ValueError: not enough values to unpack (expected 3, got 2)

In [63]:
# Less variables than elements
a, b = [4, 5, 6] 

ValueError: too many values to unpack (expected 2)

In [65]:
# Some tricks!
a, b, c = [3, 4, 'jasdlkasd']
print(a, b, c)

3 4 jasdlkasd


## Problemas

### Problema 1

¿Es posible calcular el promedio a la lista de la siguiente tupla?

In [66]:
li = (3, 18, 17, 44, 14, 12, 29, 19, 4, 6, 17, 7, 14, 6, 8, 17, 17, 21, 65,\
      19, 10, 31, 92, 17, 5, 15, 3, 14, 20, 12, 29, 57, 15, 2, 17, 1, 6, 17, 2,\
      71, 12, 11, 62, 14, 9, 20, 43, 19, 4, 15)

In [67]:
# Escribir la solución aquí
sum(list(li))/len(li)

20.04

### Problema 2

Crear una tupla que tenga un sólo elemento

In [90]:
# Escribir la solución aquí
a=(3, 5, 'rojo')
max(a)

TypeError: unorderable types: str() > int()

### Problema 3

¿Qué efecto tiene esta operación

In [83]:
x, y, z = tp1
tp1

('a', 'b', 2)

dado el valor de `tp1` definido arriba?

In [84]:
# Obtener los valores de x, y, z aquí
print(x,y,z)

a b 2


Teniendo en cuenta esto, explicar qué ocurre al realizar esta operación entre los elementos de una lista

In [85]:
l = [-1, 6, 7, 9]
l[0], l[2] = l[2], l[0]

In [86]:
# Imprimir la lista l aquí
print(l)

[7, 6, -1, 9]


### Problema 4

¿Por qué, en cambio, esta operación falla?

In [87]:
u, v = tp1

ValueError: too many values to unpack (expected 2)

### Problema 5

¿Cómo se calcula el máximo de una tupla?

In [88]:
# Escribir la solución aquí
max(li)

92

# Dictionaries

Dictionaries are one of the most (If not the most) used data structure on Python. Until now, we have seen iterable data types that are indexed using integer numbers. Instead of integer indices, dictionaries allow to use any **inmutable** data object as index. This allows to create an associative array on which a Value object is retrieved using a Key object.

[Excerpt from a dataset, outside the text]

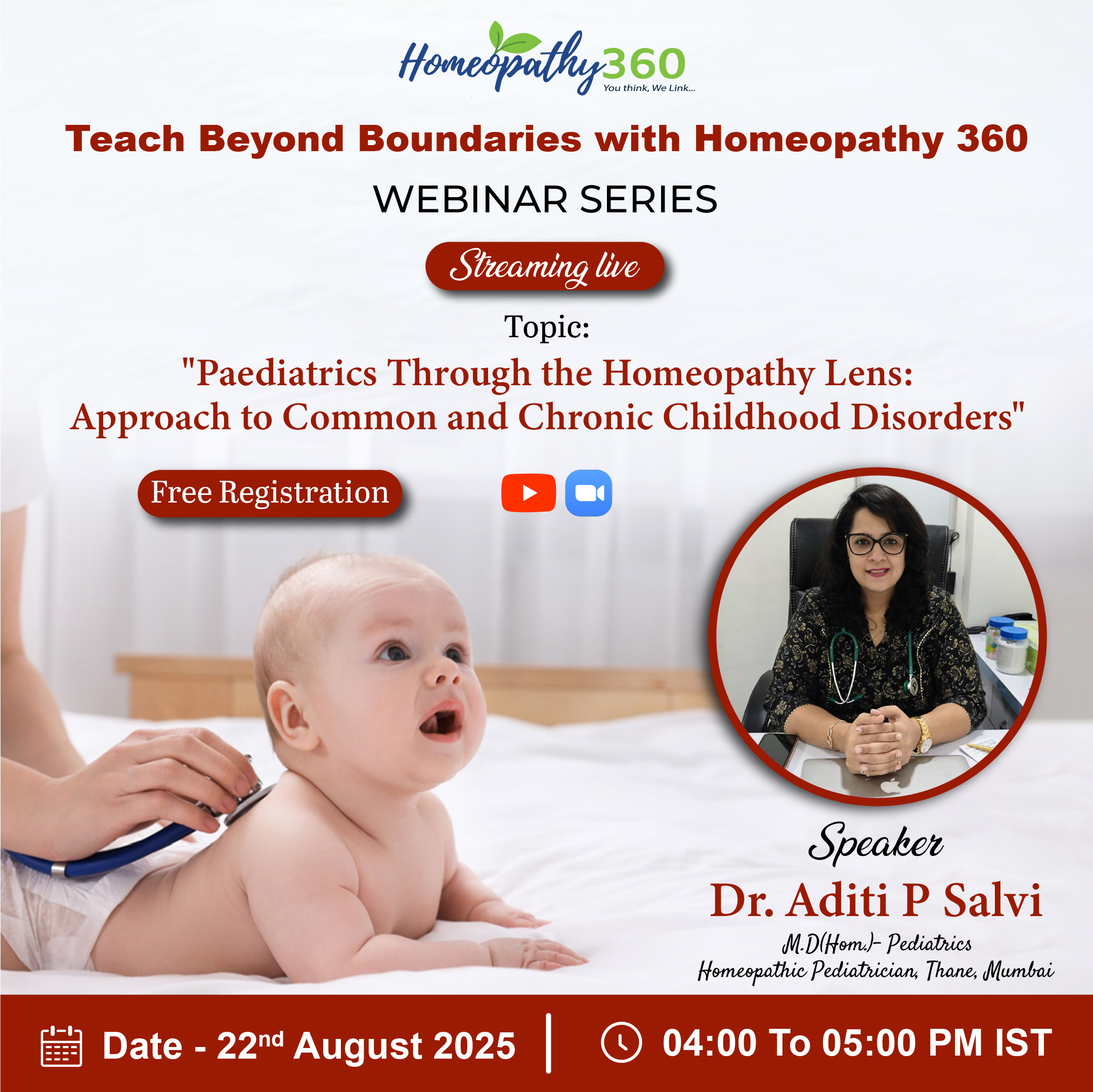 Join us for an enriching live webinar with Dr. Aditi Salvi on “Paediatrics Through the Homeopathy Lens: Approach to Common and Chronic Childhood Disorders”
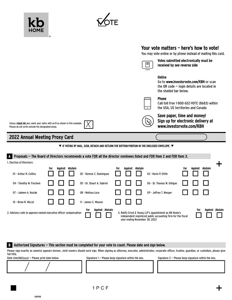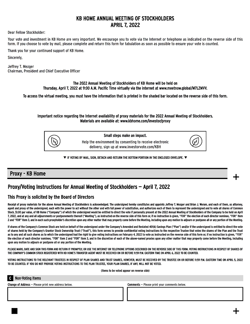 Important Notice Regarding the Availability of Proxy Materials for the Stockholder Meeting to be Held on April 7, 2022: Our Proxy Statement and Annual Report are available at www.kbhome.com/investor/proxy.

For instance, we would like to store a list of users and their passwords, such that given an username, we can obtain its password. 

To accomplish this task, we can use a Dictionary, as it follows:

In [91]:
codes = {'Luis': 2257, 'Juan': 9739, 'Carlos': 5591}

As we can see, dictionary are defined using curly braces and semicolon separators that allow to discriminate values from keys. ``{k:v}`` 

To retrieve a value from a dictionary, we just need to index it by its key object:

In [92]:
codes['Carlos']

5591

Lets retrieve Juan's password:

In [93]:
codes['Juan']

9739

If someone decided to change its password, we may just using our usual index assignment notation:

In [94]:
codes['Luis'] = 1627

In [95]:
codes

{'Carlos': 5591, 'Juan': 9739, 'Luis': 1627}

**Nota**: Dictionaries are un ordered which means that there is not an order between keys at definition or addition time. For example, ``Luis`` was defined first, but it appears last. To overcome this limitation, there exists an ``OrderedDict`` under the ``collections`` package which offers the same operations as a plain dictionary.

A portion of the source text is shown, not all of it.